## Brief
Each entry in the material below should be reproduced exactly.

Information provided Block Start

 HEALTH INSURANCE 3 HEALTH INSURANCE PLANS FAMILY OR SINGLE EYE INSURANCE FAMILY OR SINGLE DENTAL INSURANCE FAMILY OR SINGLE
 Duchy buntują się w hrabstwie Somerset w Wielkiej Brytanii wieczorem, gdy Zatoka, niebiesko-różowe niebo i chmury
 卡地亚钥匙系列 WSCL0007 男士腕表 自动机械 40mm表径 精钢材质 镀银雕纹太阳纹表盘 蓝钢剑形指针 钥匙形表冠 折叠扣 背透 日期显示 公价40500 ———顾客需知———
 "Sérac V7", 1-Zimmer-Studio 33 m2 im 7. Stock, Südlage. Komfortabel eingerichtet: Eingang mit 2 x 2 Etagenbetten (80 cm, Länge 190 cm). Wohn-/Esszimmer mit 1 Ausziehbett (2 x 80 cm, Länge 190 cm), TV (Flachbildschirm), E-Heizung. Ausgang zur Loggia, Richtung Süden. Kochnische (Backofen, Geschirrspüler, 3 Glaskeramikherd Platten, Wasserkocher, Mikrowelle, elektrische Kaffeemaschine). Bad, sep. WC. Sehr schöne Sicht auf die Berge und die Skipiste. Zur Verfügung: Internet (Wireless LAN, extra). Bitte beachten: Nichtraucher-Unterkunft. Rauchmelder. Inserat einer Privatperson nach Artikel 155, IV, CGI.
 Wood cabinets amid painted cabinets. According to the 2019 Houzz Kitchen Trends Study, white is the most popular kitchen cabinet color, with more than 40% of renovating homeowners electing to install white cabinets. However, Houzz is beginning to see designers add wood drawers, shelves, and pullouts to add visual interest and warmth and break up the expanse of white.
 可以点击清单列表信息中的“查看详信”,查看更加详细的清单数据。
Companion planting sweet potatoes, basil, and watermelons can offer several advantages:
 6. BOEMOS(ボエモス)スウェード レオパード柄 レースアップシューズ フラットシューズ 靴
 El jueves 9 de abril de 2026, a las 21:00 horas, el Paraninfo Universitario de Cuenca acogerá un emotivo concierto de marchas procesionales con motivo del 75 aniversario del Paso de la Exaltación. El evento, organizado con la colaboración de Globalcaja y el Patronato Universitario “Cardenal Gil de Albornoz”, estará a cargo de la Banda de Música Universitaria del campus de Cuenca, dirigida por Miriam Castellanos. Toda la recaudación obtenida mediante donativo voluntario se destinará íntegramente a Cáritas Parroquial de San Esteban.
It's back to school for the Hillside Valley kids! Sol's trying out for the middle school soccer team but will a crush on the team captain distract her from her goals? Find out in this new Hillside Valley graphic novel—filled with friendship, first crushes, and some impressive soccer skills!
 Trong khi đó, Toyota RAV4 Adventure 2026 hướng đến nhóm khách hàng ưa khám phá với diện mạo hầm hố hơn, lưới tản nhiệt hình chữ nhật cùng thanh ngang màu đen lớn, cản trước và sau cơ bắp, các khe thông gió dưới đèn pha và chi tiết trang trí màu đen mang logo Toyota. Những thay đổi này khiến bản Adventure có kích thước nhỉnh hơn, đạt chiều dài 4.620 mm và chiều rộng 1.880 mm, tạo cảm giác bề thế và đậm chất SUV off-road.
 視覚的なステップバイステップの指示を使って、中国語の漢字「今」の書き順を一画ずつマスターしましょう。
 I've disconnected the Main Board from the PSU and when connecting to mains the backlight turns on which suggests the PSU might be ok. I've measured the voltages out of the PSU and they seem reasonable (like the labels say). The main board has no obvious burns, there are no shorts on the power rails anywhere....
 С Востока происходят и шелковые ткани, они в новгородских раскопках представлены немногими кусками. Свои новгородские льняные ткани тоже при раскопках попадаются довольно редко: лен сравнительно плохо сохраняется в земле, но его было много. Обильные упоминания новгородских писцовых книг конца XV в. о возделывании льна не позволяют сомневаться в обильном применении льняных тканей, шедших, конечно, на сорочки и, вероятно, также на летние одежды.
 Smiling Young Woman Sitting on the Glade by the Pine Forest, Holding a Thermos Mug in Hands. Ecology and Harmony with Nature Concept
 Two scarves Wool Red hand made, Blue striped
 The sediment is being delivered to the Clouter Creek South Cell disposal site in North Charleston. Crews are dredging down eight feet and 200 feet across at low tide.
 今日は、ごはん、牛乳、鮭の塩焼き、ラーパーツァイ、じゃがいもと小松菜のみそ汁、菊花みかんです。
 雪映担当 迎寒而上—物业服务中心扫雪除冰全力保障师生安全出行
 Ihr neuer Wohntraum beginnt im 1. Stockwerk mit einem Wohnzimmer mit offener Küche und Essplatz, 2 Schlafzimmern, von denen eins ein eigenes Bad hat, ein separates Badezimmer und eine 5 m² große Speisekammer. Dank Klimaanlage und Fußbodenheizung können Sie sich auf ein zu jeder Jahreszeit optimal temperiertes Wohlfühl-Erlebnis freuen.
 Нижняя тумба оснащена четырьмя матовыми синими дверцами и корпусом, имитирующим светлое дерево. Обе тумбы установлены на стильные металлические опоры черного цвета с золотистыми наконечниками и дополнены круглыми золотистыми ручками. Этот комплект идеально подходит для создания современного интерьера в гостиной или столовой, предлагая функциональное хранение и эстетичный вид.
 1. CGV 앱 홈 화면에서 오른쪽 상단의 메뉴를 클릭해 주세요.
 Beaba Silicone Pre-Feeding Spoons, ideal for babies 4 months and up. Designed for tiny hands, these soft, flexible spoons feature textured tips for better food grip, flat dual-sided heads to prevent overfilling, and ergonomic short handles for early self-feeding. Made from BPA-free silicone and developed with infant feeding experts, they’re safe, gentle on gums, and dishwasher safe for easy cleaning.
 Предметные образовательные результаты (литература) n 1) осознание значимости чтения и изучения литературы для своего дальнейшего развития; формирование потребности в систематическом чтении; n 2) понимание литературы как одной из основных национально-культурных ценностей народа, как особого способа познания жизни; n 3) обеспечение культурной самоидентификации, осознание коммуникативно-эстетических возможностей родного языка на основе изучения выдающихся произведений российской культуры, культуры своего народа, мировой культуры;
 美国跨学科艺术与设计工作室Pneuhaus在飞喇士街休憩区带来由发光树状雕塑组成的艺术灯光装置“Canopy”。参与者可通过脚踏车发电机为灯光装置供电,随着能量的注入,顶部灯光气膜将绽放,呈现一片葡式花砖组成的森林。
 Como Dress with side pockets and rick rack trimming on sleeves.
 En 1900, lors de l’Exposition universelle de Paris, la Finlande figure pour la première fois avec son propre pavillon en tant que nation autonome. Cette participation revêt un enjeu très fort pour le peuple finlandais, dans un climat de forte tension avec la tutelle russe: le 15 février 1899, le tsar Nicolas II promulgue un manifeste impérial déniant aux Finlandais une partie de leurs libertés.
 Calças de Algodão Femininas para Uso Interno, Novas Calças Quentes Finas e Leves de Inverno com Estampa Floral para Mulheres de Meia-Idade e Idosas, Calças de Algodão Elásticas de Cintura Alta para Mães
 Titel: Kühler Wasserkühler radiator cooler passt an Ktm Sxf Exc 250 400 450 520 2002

Information provided Block End

## Reply
 HEALTH INSURANCE 3 HEALTH INSURANCE PLANS FAMILY OR SINGLE EYE INSURANCE FAMILY OR SINGLE DENTAL INSURANCE FAMILY OR SINGLE
 Duchy buntują się w hrabstwie Somerset w Wielkiej Brytanii wieczorem, gdy Zatoka, niebiesko-różowe niebo i chmury
 卡地亚钥匙系列 WSCL0007 男士腕表 自动机械 40mm表径 精钢材质 镀银雕纹太阳纹表盘 蓝钢剑形指针 钥匙形表冠 折叠扣 背透 日期显示 公价40500 ———顾客需知———
 "Sérac V7", 1-Zimmer-Studio 33 m2 im 7. Stock, Südlage. Komfortabel eingerichtet: Eingang mit 2 x 2 Etagenbetten (80 cm, Länge 190 cm). Wohn-/Esszimmer mit 1 Ausziehbett (2 x 80 cm, Länge 190 cm), TV (Flachbildschirm), E-Heizung. Ausgang zur Loggia, Richtung Süden. Kochnische (Backofen, Geschirrspüler, 3 Glaskeramikherd Platten, Wasserkocher, Mikrowelle, elektrische Kaffeemaschine). Bad, sep. WC. Sehr schöne Sicht auf die Berge und die Skipiste. Zur Verfügung: Internet (Wireless LAN, extra). Bitte beachten: Nichtraucher-Unterkunft. Rauchmelder. Inserat einer Privatperson nach Artikel 155, IV, CGI.
 Wood cabinets amid painted cabinets. According to the 2019 Houzz Kitchen Trends Study, white is the most popular kitchen cabinet color, with more than 40% of renovating homeowners electing to install white cabinets. However, Houzz is beginning to see designers add wood drawers, shelves, and pullouts to add visual interest and warmth and break up the expanse of white.
 可以点击清单列表信息中的“查看详信”,查看更加详细的清单数据。
Companion planting sweet potatoes, basil, and watermelons can offer several advantages:
 6. BOEMOS(ボエモス)スウェード レオパード柄 レースアップシューズ フラットシューズ 靴
 El jueves 9 de abril de 2026, a las 21:00 horas, el Paraninfo Universitario de Cuenca acogerá un emotivo concierto de marchas procesionales con motivo del 75 aniversario del Paso de la Exaltación. El evento, organizado con la colaboración de Globalcaja y el Patronato Universitario “Cardenal Gil de Albornoz”, estará a cargo de la Banda de Música Universitaria del campus de Cuenca, dirigida por Miriam Castellanos. Toda la recaudación obtenida mediante donativo voluntario se destinará íntegramente a Cáritas Parroquial de San Esteban.
It's back to school for the Hillside Valley kids! Sol's trying out for the middle school soccer team but will a crush on the team captain distract her from her goals? Find out in this new Hillside Valley graphic novel—filled with friendship, first crushes, and some impressive soccer skills!
 Trong khi đó, Toyota RAV4 Adventure 2026 hướng đến nhóm khách hàng ưa khám phá với diện mạo hầm hố hơn, lưới tản nhiệt hình chữ nhật cùng thanh ngang màu đen lớn, cản trước và sau cơ bắp, các khe thông gió dưới đèn pha và chi tiết trang trí màu đen mang logo Toyota. Những thay đổi này khiến bản Adventure có kích thước nhỉnh hơn, đạt chiều dài 4.620 mm và chiều rộng 1.880 mm, tạo cảm giác bề thế và đậm chất SUV off-road.
 視覚的なステップバイステップの指示を使って、中国語の漢字「今」の書き順を一画ずつマスターしましょう。
 I've disconnected the Main Board from the PSU and when connecting to mains the backlight turns on which suggests the PSU might be ok. I've measured the voltages out of the PSU and they seem reasonable (like the labels say). The main board has no obvious burns, there are no shorts on the power rails anywhere....
 С Востока происходят и шелковые ткани, они в новгородских раскопках представлены немногими кусками. Свои новгородские льняные ткани тоже при раскопках попадаются довольно редко: лен сравнительно плохо сохраняется в земле, но его было много. Обильные упоминания новгородских писцовых книг конца XV в. о возделывании льна не позволяют сомневаться в обильном применении льняных тканей, шедших, конечно, на сорочки и, вероятно, также на летние одежды.
 Smiling Young Woman Sitting on the Glade by the Pine Forest, Holding a Thermos Mug in Hands. Ecology and Harmony with Nature Concept
 Two scarves Wool Red hand made, Blue striped
 The sediment is being delivered to the Clouter Creek South Cell disposal site in North Charleston. Crews are dredging down eight feet and 200 feet across at low tide.
 今日は、ごはん、牛乳、鮭の塩焼き、ラーパーツァイ、じゃがいもと小松菜のみそ汁、菊花みかんです。
 雪映担当 迎寒而上—物业服务中心扫雪除冰全力保障师生安全出行
 Ihr neuer Wohntraum beginnt im 1. Stockwerk mit einem Wohnzimmer mit offener Küche und Essplatz, 2 Schlafzimmern, von denen eins ein eigenes Bad hat, ein separates Badezimmer und eine 5 m² große Speisekammer. Dank Klimaanlage und Fußbodenheizung können Sie sich auf ein zu jeder Jahreszeit optimal temperiertes Wohlfühl-Erlebnis freuen.
 Нижняя тумба оснащена четырьмя матовыми синими дверцами и корпусом, имитирующим светлое дерево. Обе тумбы установлены на стильные металлические опоры черного цвета с золотистыми наконечниками и дополнены круглыми золотистыми ручками. Этот комплект идеально подходит для создания современного интерьера в гостиной или столовой, предлагая функциональное хранение и эстетичный вид.
 1. CGV 앱 홈 화면에서 오른쪽 상단의 메뉴를 클릭해 주세요.
 Beaba Silicone Pre-Feeding Spoons, ideal for babies 4 months and up. Designed for tiny hands, these soft, flexible spoons feature textured tips for better food grip, flat dual-sided heads to prevent overfilling, and ergonomic short handles for early self-feeding. Made from BPA-free silicone and developed with infant feeding experts, they’re safe, gentle on gums, and dishwasher safe for easy cleaning.
 Предметные образовательные результаты (литература) n 1) осознание значимости чтения и изучения литературы для своего дальнейшего развития; формирование потребности в систематическом чтении; n 2) понимание литературы как одной из основных национально-культурных ценностей народа, как особого способа познания жизни; n 3) обеспечение культурной самоидентификации, осознание коммуникативно-эстетических возможностей родного языка на основе изучения выдающихся произведений российской культуры, культуры своего народа, мировой культуры;
 美国跨学科艺术与设计工作室Pneuhaus在飞喇士街休憩区带来由发光树状雕塑组成的艺术灯光装置“Canopy”。参与者可通过脚踏车发电机为灯光装置供电,随着能量的注入,顶部灯光气膜将绽放,呈现一片葡式花砖组成的森林。
 Como Dress with side pockets and rick rack trimming on sleeves.
 En 1900, lors de l’Exposition universelle de Paris, la Finlande figure pour la première fois avec son propre pavillon en tant que nation autonome. Cette participation revêt un enjeu très fort pour le peuple finlandais, dans un climat de forte tension avec la tutelle russe: le 15 février 1899, le tsar Nicolas II promulgue un manifeste impérial déniant aux Finlandais une partie de leurs libertés.
 Calças de Algodão Femininas para Uso Interno, Novas Calças Quentes Finas e Leves de Inverno com Estampa Floral para Mulheres de Meia-Idade e Idosas, Calças de Algodão Elásticas de Cintura Alta para Mães
 Titel: Kühler Wasserkühler radiator cooler passt an Ktm Sxf Exc 250 400 450 520 2002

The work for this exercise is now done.